Shared compute infrastructure, cross-border research networks, common regulatory frameworks, and pooled funding mechanisms can significantly increase collective capacity. Regional data-sharing agreements—designed with strong privacy protections—can also help create more representative and diverse training datasets.
Such collaboration would not only strengthen technological capabilities but also enhance bargaining power in global negotiations on AI standards and trade.

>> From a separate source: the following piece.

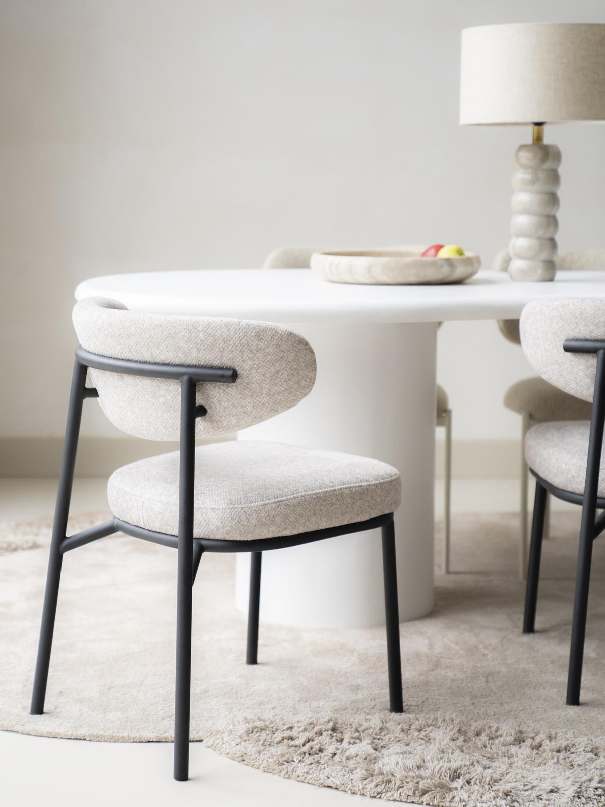 Of je nu kiest voor een eettafel in hout, keramiek of metaal, de neutrale tint en het luchtige ontwerp maken Jari een veelzijdige aanvulling. In combinatie met zachte texturen of ton-sur-ton tinten krijgt de eetruimte een rustige, uitnodigende sfeer.

Talent as the Decisive Factor
One of the most critical battlegrounds in AI is human capital. The US and China have built strong ecosystems that attract and retain top researchers, engineers, and entrepreneurs. For the Global South, preventing talent drain and creating opportunities for advanced research and innovation will be essential.
This requires sustained investment in higher education, interdisciplinary AI programs, startup ecosystems, and public-sector innovation labs. It also involves creating career pathways that allow skilled professionals to work on globally relevant problems without leaving their home countries.
Balancing Innovation and Inclusion
The debate is not about technological rivalry alone; it is about ensuring that AI development is inclusive and aligned with diverse human needs. If AI systems are designed primarily by and for a narrow set of economies, they risk reinforcing existing global inequalities.
By actively participating in AI governance and development, countries in the Global South can advocate for models that prioritise public good applications, affordable access, and ethical deployment in low-resource environments.
A Strategic Choice, Not a Technological Fate
The concentration of AI model development in the US and China is a reality of the current moment—but it is not an irreversible outcome. The direction the Global South takes over the next decade will determine whether it becomes a passive market for imported intelligence or an active contributor to the global AI ecosystem.
The path forward lies in coordinated policy, targeted investment, regional cooperation, talent development, and a strong voice in international governance forums.
AI is often described as the defining technology of the 21st century. For much of the world, the question is no longer whether to adopt it, but whether to help shape it.
The answer will determine not just technological competitiveness, but the balance of economic power, cultural representation, and digital sovereignty in the decades to come.